Q 今まで取引をしたことのない外国の企業と取引を始める際には、どのような点に注意したらよいでしょうか。

A 当該外国企業について予め信用調査を行うほか、債権を保全するための支払手段をどうするのか、その他、紛争の際の紛争解決の方法などを予め検討しておくことが必要です。

 

1 信用調査

日本国内と同様、国外企業に関しても信用調査会社があります。例えば、ダンレポートなどがその例です。海外取引を始める場合には、まず、そのような信用調査会社を使って、相手の会社の実在や信用状況などを調査することが必須と思われます。

 

2 債権保全の方法

実際の取引の際、支払が確保されるような方法をとる必要があります。

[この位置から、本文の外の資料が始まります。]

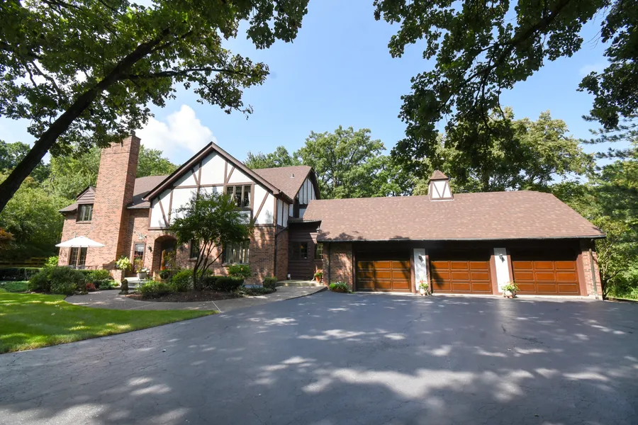 Welcome to Tampier Estate. This magnificent property has never before been presented to the public. Nestled within the tranquil confines of Palos Parks Tampier region, the home stands as a timeless testament to Tudor architecture, meticulously designed by acclaimed architect Phillip Peecher and Associates. This distinguished residence showcases a harmonious blend of red brick, stucco, and half-timbering, accentuated by rough sewn western red cedar trim on dormers, bump outs, and soffits. Situated on an expansive 1.5-acre wooded lot graced with waterfront views, this property offers unparalleled serenity and privacy. Outdoor living is elevated with a redwood deck featuring a gas-powered grill, an enchanting railroad tie side garden, and a screened porch constructed in redwood for flooring, trim, and ceiling enclosed with copper screens affording panoramic views of the sprawling backyard and adjacent forest preserve. Step inside to discover a residence that exudes sophistication and grace. Spanning nearly 5,000 square feet across the upper levels of the home, there is no shortage of space. The grand foyer welcomes you with opulent marble flooring, setting the stage for the library entirely adorned with rosewood. The living room invites warmth with a natural gas fireplace, adorned with French doors that open onto a meticulously laid bluestone terrace. Culinary enthusiasts will delight in the kitchen complemented by a bay window alcove offering sweeping vistas of the deck and lake. Upstairs, the primary suite serves as a private retreat with dual sinks, a luxurious separate shower and soaking tub, a built-in makeup vanity, and a skylight bathing the space in natural light. The four additional upper-level bedrooms feature charming windows framing picturesque lake views, custom-built California Closets, and bespoke storage solutions. Entertainment awaits in the lower level, where a well-appointed game room beckons with a natural gas fireplace, English Pub-style finishes adorned with ornate wainscoting, a wine cellar perfect for housing your prized collection and additional bedroom and bathroom. Practical conveniences include a recently replaced roof (April 2020), state-of-the-art Lenox air conditioners (June 2024), dual American Standard furnaces, a new AO Smith 75-gallon natural gas water heater, and a reliable Coleman Powermate stationary standby electric generator ensuring uninterrupted comfort throughout the seasons. Meticulously maintained and thoughtfully designed, Tampier Estate seamlessly merges classic elegance with contemporary comfort, offering a rare opportunity to own a distinctive residence in Palos Park. Welcome home.

支払確保の手段としては、Letter of Creditなどを要求することなども一例ですが、その他、代金の前払いを受けるなど、取引の内容に応じて、適切な方法を検討することが必要です。但し、相手企業との力関係によっては、これらの方法が困難な場合もあります。このような場合は、与信枠の設定に注意する他、日本貿易保険の利用なども検討してください。

 

3 紛争解決方法

取引がうまくいっている間はいいのですが、万が一に備えて、どのような紛争解決方法をとるべきなのか検討しておくことは必要です。取引相手の所在国によって、適切な紛争解決手段は変わってきます。例えば、日本の裁判所を管轄裁判所とすることに合意していても、日本の判決が相手国で執行できなければ意味がありません。

実際の執行までみすえて、紛争が生じた場合にどのような解決をするのかを考えておく必要があります。